夕飯とか朝とかいうキーワードに、進藤が普通に緒方さんを部屋に泊めてるんだと悟る。
(緒方先生何も言わんのやな……)
奈央の家は外泊は基本NGだし、ハタチを超えた今でも門限も相変わらずある。
だからちょっと……いや、かなり進藤が羨ましい。
「京田さんも彩ちゃんに渡してるん?」
「みたいだね。彩の帰りが遅いって父は相変わらず僕や母にブツブツ言ってくるよ。彩や京田さんに直接言えばいいのに…」
「進藤家は外泊オッケーなん?」
「まさか。だから遅いだけでちゃんと彩も帰っては来るよ」
「でも緒方家はオッケーなんや?」
「そうらしいよ。精菜曰く、精菜はもう僕のモノだからって…」
「ああ…新初段シリーズの時の賭けか。賭けておいて良かったなぁ進藤。
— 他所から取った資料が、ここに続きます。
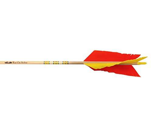 Rose City Archery Port Orford Cedar Hunter Flu-Flu Arrows (12-Pack), Clear Lacquer Shaft, 5/16-Inch Diameter/Less Than 30-Pound Spine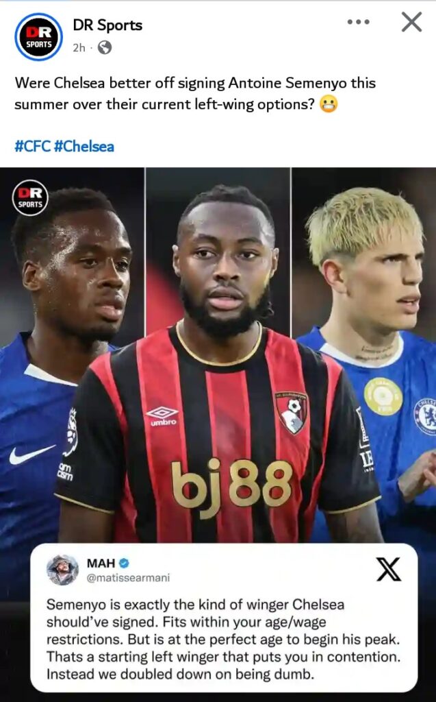 Some Chelsea supporters believe Antoine Semenyo would be a better tactical fit than the winger options currently at the club — arguing he offers more balance, physicality, and end product than Garnacho and new signing Jamie Gittens.

今頃役に立ってるやん」
「本当にね」
「まぁヤり過ぎて妊娠ささんようにな」
「…うん、気を付けるよ…」
進藤の顔が少しばかり赤くなった。
終局間近になって、俺の携帯が鳴る。
奈央からLINEだった。
『今から行ってもいい?』――と。
こういう時、合カギ渡してたら
『いいよ。すぐ帰るから先に上がってて』
と返せるのに…と残念に思う。
仕方なく俺は
『いいよ。今棋院の近くで進藤と打ってるから30分くらいで戻れると思う』
と返した。
「進藤ごめん、今から奈央が来るって。これ終わったら帰るわ」
「分かった」
早く終わらすのに協力してくれたつもりなのか、途端に容赦なく攻めだして来た進藤。
おかげで俺は呆気なく投了した。
さすが三冠。
十段の防衛もストレートで難なく果たしたコイツは相変わらず強すぎる。
でもってこんな凄い奴と簡単に打つ機会が持てる俺って、やっぱりかなりラッキーな気がする。
「ほな進藤、またな」
「ああ。金森さんによろしく」
「進藤も緒方さんによろしく」
「うん」
駅前で別れて、俺は地下鉄へ、進藤は棋院の駐車場に車を停めてるのか、棋院の方へ歩いて行った。
(俺も早く免許取らななぁ……)
アパートに着くと、部屋の前で奈央が待っていてくれた。
俺の姿を見て途端に笑顔になる彼女。
俺の方も自然と笑顔になる。
「ごめんな、待った?」
「ううん、私も今着いたから。ごめんね、進藤君と打ってたのに…」
申し訳なさそうにする彼女に、俺の方も申し訳なくなった。
だから部屋に入って、俺はすぐにソレを取りに行った。
「奈央、これ…」
「え…?」
彼女の手を取って、手のひらにソレを握らす。
「今度からは待たなくていいから。先に入ってて」
「悠一君……」
奈央が大事そうに胸元で握った。
この部屋の合カギを――
「ありがとう…すごく嬉しい」
「奈央…」
俺の胸に抱き付いて来た彼女に。
俺も直ぐ様抱き締め返して熱いキスをしたのだった――
―END―
以上、西条が奈央に合カギを渡した日の話でした〜。
高校卒業後の4月です。佐為も西条も一人暮らしを始めてます。
佐為はそりゃもう嬉しくて精菜を泊めまくりです(笑)
と言ってもお互い忙しいので週に2回とかそんなんだと思いますが。